Long-Term Time-Course of Strength Adaptation to Minimal Dose Resistance Training Through Retrospective Longitudinal Growth Modeling

Pages 913-930 | Received 15 Sep 2021, Accepted 18 Apr 2022, Published online: 19 May 2022
 

ABSTRACT

Public health guidelines for resistance training emphasize a minimal effective dose intending for individuals to engage in these behaviors long term. However, few studies have adequately examined the longitudinal time-course of strength adaptations to resistance training. Purpose: The aim of this study was to examine the time-course of strength development from minimal-dose resistance training in a large sample through retrospective training records from a private international exercise company. Methods: Data were available for analysis from 14,690 participants (60% female; aged 48 ± 11 years) having undergone minimal-dose resistance training (1x/week, single sets to momentary failure of six exercises) up to 352 weeks (~6.8 years) in length. Linear-log growth models examined strength development over time allowing random intercepts and slopes by participant. Results: All models demonstrated a robust linear-log relationship with the first derivatives (i.e., changes in strength with time) trending asymptotically such that by ~1-2 years strength had practically reached a “plateau.” Sex, bodyweight, and age had minimal interaction effects. However, substantial strength gains were apparent; approximately ~30–50% gains over the first year reaching ~50–60% of baseline 6 years later. Conclusion: It is unclear if the “plateau” can be overcome through alternative approaches, or whether over the long-term strength gains differ. Considering this, our results support public health recommendations for minimal-dose resistance training for strength adaptations in adults.

Acknowledgments

The authors would like to thank Andrew Vigotsky for his insights regarding the statistical modelling approach taken in this study.

Authors contributions

JS, BK, and RR conceived of the study; BK and RR contributed data to the study; JS conducted the statistical analysis; all authors interpreted the findings; JS wrote the first manuscript draft; all authors contributed to revising and approving the final manuscript draft and agree with the order of presentation of authors.

Disclosure statement

Bram Kroeske and Rob Reuters acknowledge their employment by fit20 International BV whose data this study is based upon. James Steele also reports having received honoraria from fit20 International BV in the form of travel and accomodation. The authors claim no other relevant conflicts of interest.

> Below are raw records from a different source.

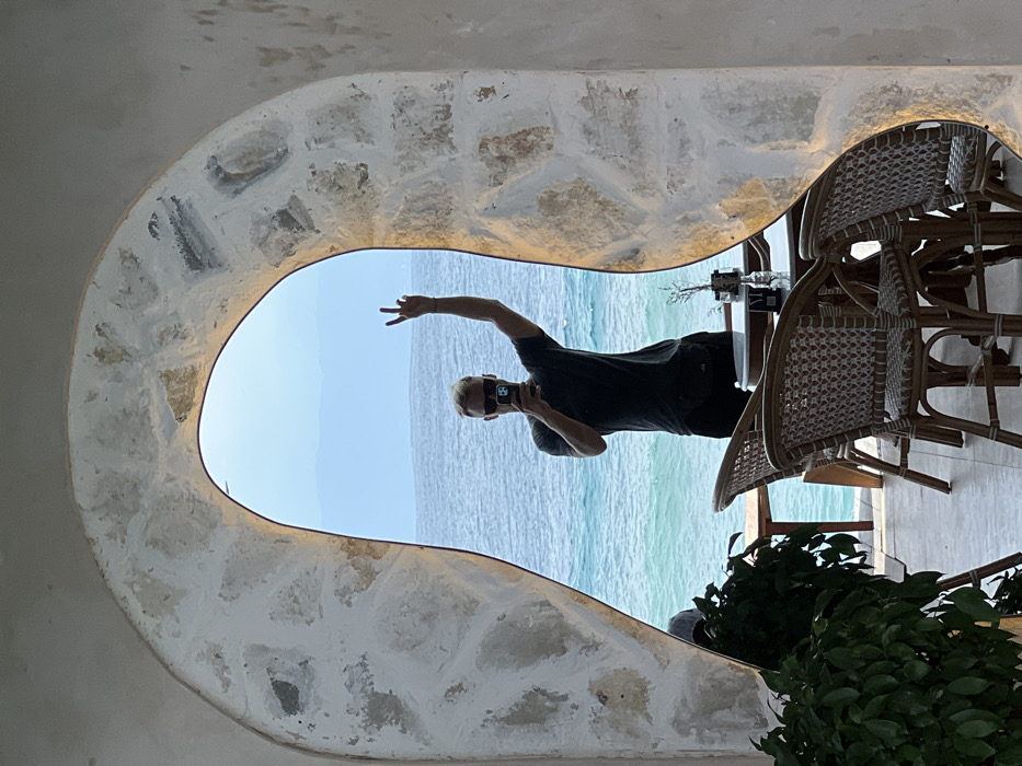 An indoor-outdoor scene at a coastal establishment in Batununggul, Indonesia, features a male subject taking a selfie through an arched, rustic stone-textured opening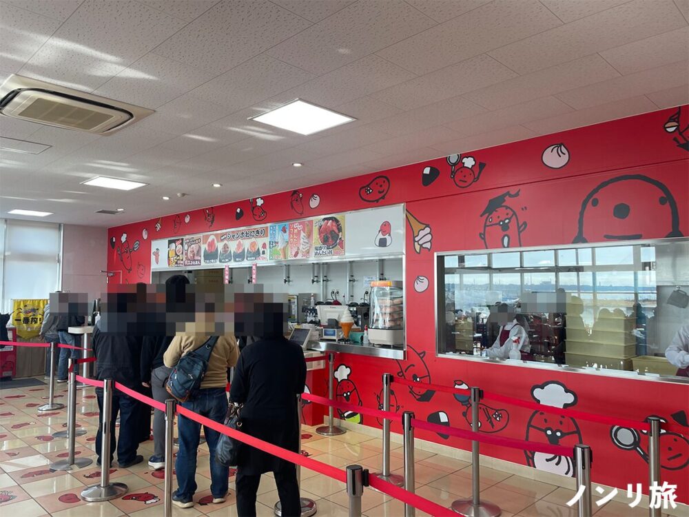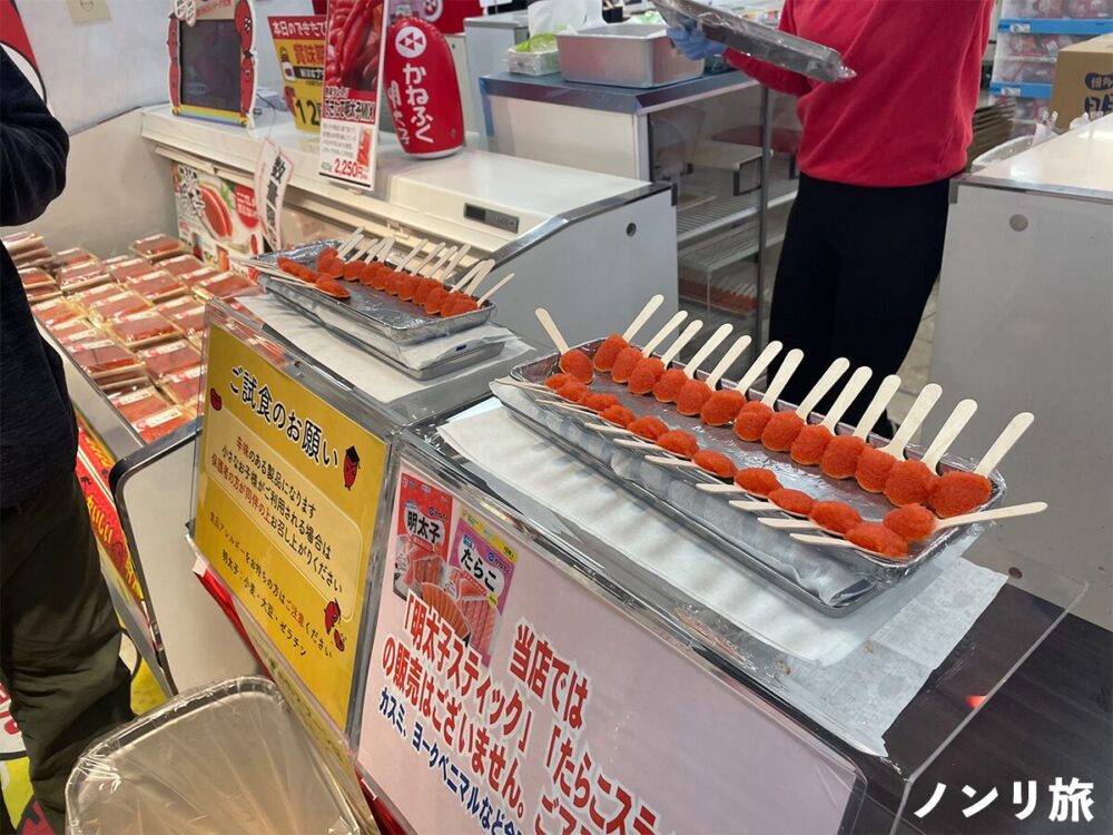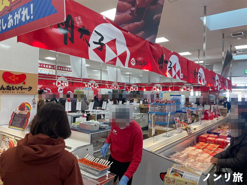 店内ではお土産用の明太子を買ったり、試食をしたりと、賑わっています。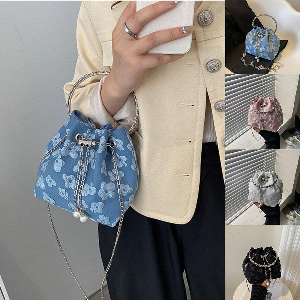 Сумка из джинсовой ткани, маленькая сумка-мессенджер в корейском стиле, сумка-ведро с цветочным шнурком, детская сумка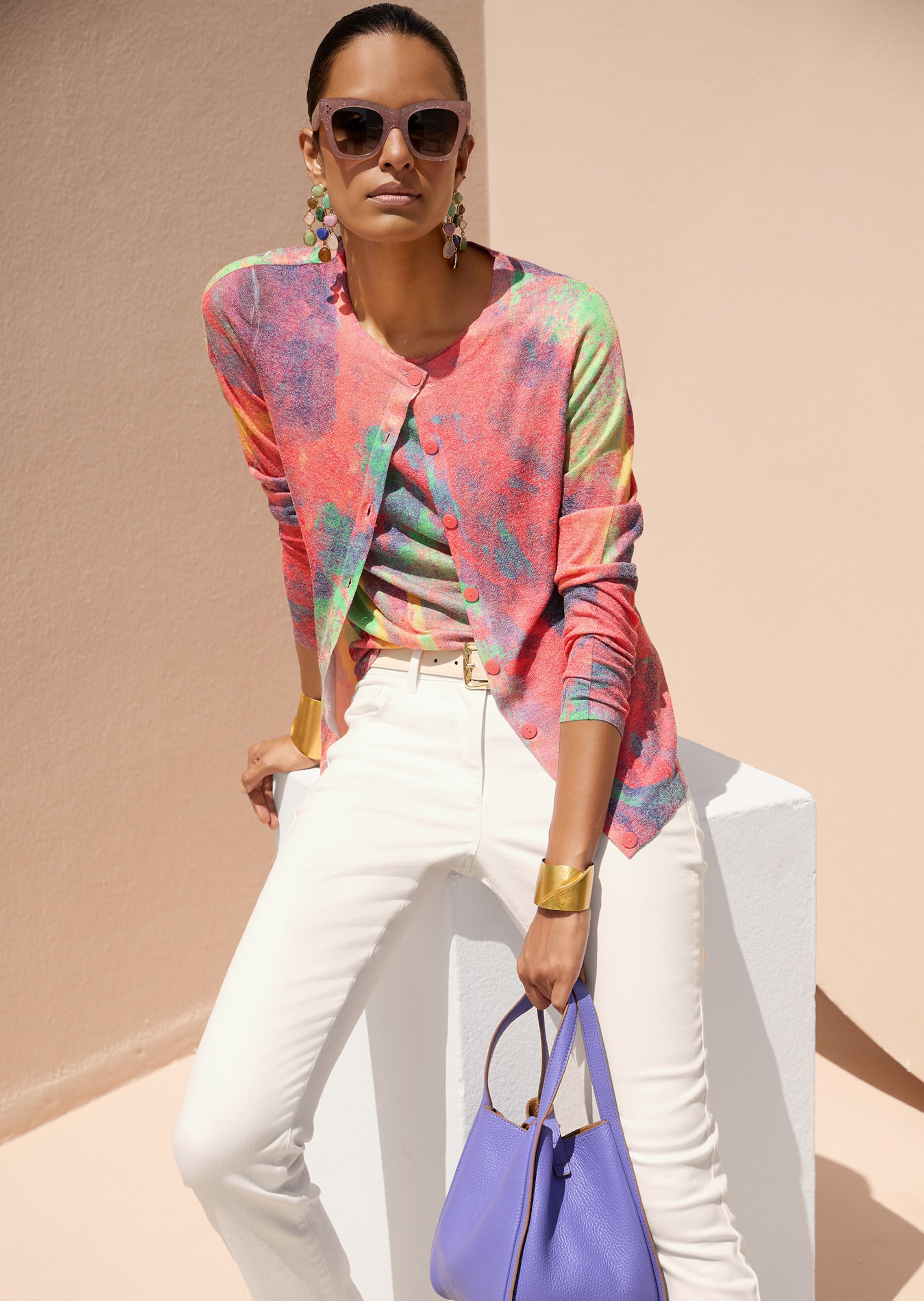 Fine maille très agréable avec sublime imprimé: chaque cardigan est unique. Encolure arrondie, bande de boutonnage et manches longues.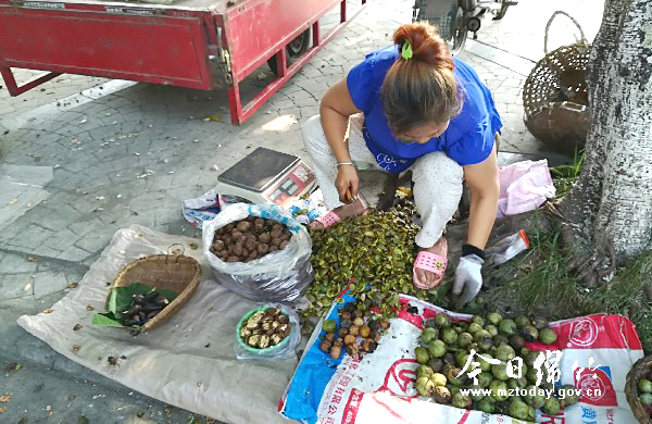 新鲜核桃上市 引来市民尝鲜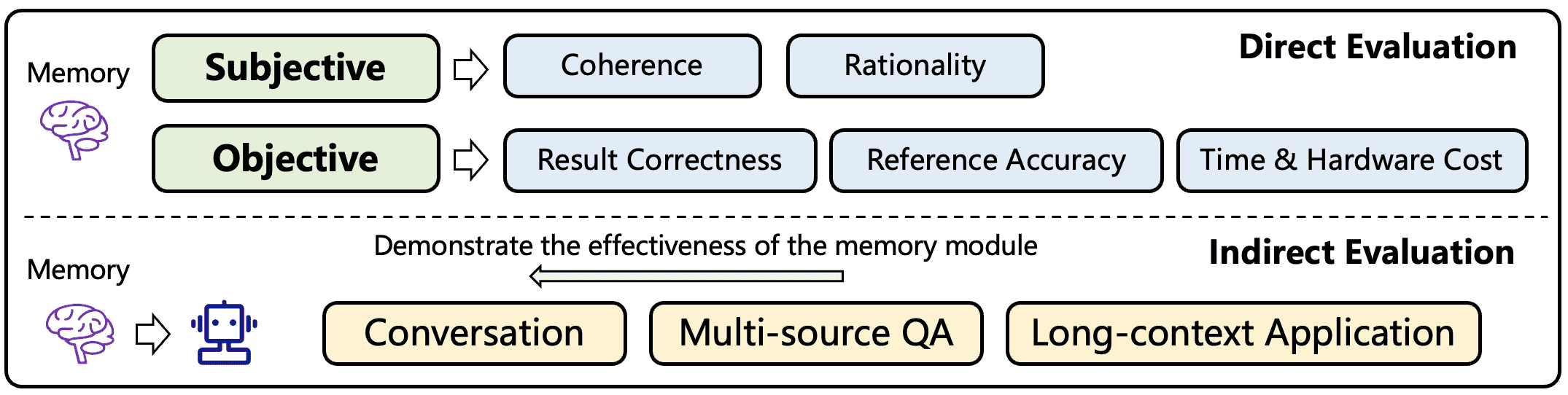 本节讨论了如何评估基于大语言模型(LLM)的智能体中的记忆模块。记忆模块的有效性评估是一个开放问题,已有研究提出了多种评估策略,通常分为两大类:直接评估和间接评估。

Data availability statement

Data associated with this article is available online at https://osf.io/jn6ay/.

Notes

1 Calculated from in Baker and Newton (Citation2006) as the mean change in bench press strength from the first two years (1998 to 2000) relative to the mean change from the second two years (2000 to 2002) i.e., (141–129.6)/(148.1–141) = 1.6

2 Which Miller et al. (Citation2018) considered changes exceeding a value of d = 0.3, where d = (Δ / SDpooled)

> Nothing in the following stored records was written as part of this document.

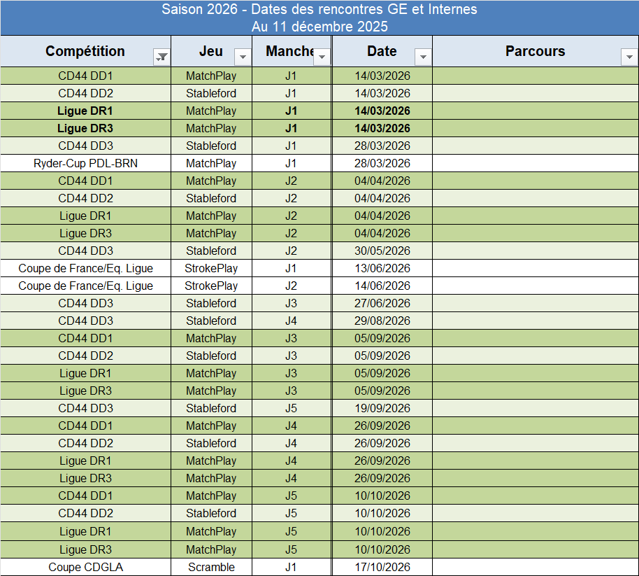 Calendrier Golf Entreprise 2026 - en cours de validation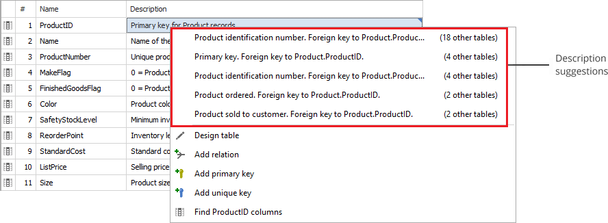 Dataedo helps you with documentation efforts by suggesting text from descriptions from other columns.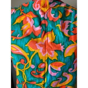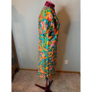 boat neck, shift dress with ruffle sleeves and super groovy psychedelic floral print. orange blue yellow and green.

3 The year 2009 was the first year that facilities opened and began collecting data in the cloud and as such some retrospectively entered data from paper records prior to this may have errors and so was removed. Further, from 2017 onwards the facilities introduced new sensors technology to their exercise devices to provide additional metrics on workout performance. This resulted in some changes to protocols including loads used by trainees. As such we filtered to this date to ensure that the data set was comparable across time with respect to the protocol employed. We intend at some point in the future to separately analyze the dataset from 2017 onwards using the sensor captured data.

4 Where exercises were missed in any given session this was usually due to injury preventing a particular exercise being completed.

5 When exceeding the upper range of the target time under load by ≤10 seconds the load was increased by the smallest increment on the resistance machine which was 2.5 kg, and if >10 seconds it was increased by 5 kg.

6 The two additional datasets included the Open Powerlifting dataset (available from https://openpowerlifting.gitlab.io/opl-csv/introduction.html) and a survey of users of the Reddit forum r/weightroom (available from https://docs.google.com/spreadsheets/u/0/d/1w8Fnx0tDissaB89AsdqXrVvydv-fF2mhha3vDtxWVCY/htmlview). Both datasets used have also been uploaded to the project page on the Open Science Framework (see https://osf.io/jn6ay/).

7 These were modeled separately as we did not have complete case-wise data for all covariates.

8 Due to the computational time required to fit the models a reasonably large, yet manageable random sample was used.

9 Note, a full analysis of this dataset is currently underway and will be presented in a separate forthcoming manuscript.

Additional information

Funding

The author(s) reported that there is no funding associated with the work featured in this article.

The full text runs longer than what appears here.